::: PROVIDED MATERIAL
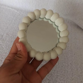 آینه مرواریدی قطر 11.5 سانت جنس سنگ مصنوعی ،اینه گومبولی ، ظرف آینه ای توپی ، جا جواهری ، دکور عکاسی ، آیینه هفت سین
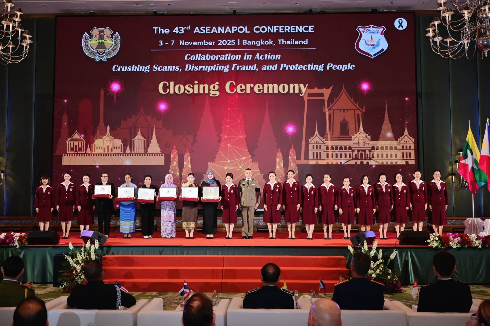 ทั้งนี้ หัวหน้าตำรวจอาเซียนทั้ง 10 ประเทศ ได้ร่วมลงนามแถลงการณ์ร่วมการประชุมหัวหน้าตำรวจอาเซียน ครั้งที่ 43 โดยมีมติในการร่วมมือปราบปรามอาชญากรรมข้ามชาติ 8 ด้าน ได้แก่ การลักลอบค้ายาเสพติด, การลักลอบค้าอาวุธ, การก่อการร้าย, การค้ามนุษย์, อาชญากรรมเกี่ยวกับสัตว์ป่า, อาชญากรรมทางการเงิน, อาชญากรรมทางไซเบอร์ และอาชญากรรมทางทะเล โดยมุ่งเน้นการปราบปรามสแกมเมอร์ และการค้ามนุษย์
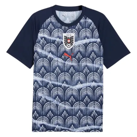 Stand out before kick-off with the official Austria 2026 Puma Warm-Up Jersey. This eye-catching pre-match top features a bold all-over Art Nouveau-inspired fan print across the body and back, set against a deep navy blue base with contrast solid navy raglan sleeves - a design that's as distinctive off the pitch as it is on it.
::::::
Leave every picture out and print exactly the lines from the one that contains "ทั้งนี้ หัวหน้าตำรวจอาเซียนทั้ง 10" through the last line of the material above.

** FINAL ANSWER **
 ทั้งนี้ หัวหน้าตำรวจอาเซียนทั้ง 10 ประเทศ ได้ร่วมลงนามแถลงการณ์ร่วมการประชุมหัวหน้าตำรวจอาเซียน ครั้งที่ 43 โดยมีมติในการร่วมมือปราบปรามอาชญากรรมข้ามชาติ 8 ด้าน ได้แก่ การลักลอบค้ายาเสพติด, การลักลอบค้าอาวุธ, การก่อการร้าย, การค้ามนุษย์, อาชญากรรมเกี่ยวกับสัตว์ป่า, อาชญากรรมทางการเงิน, อาชญากรรมทางไซเบอร์ และอาชญากรรมทางทะเล โดยมุ่งเน้นการปราบปรามสแกมเมอร์ และการค้ามนุษย์
 Stand out before kick-off with the official Austria 2026 Puma Warm-Up Jersey. This eye-catching pre-match top features a bold all-over Art Nouveau-inspired fan print across the body and back, set against a deep navy blue base with contrast solid navy raglan sleeves - a design that's as distinctive off the pitch as it is on it.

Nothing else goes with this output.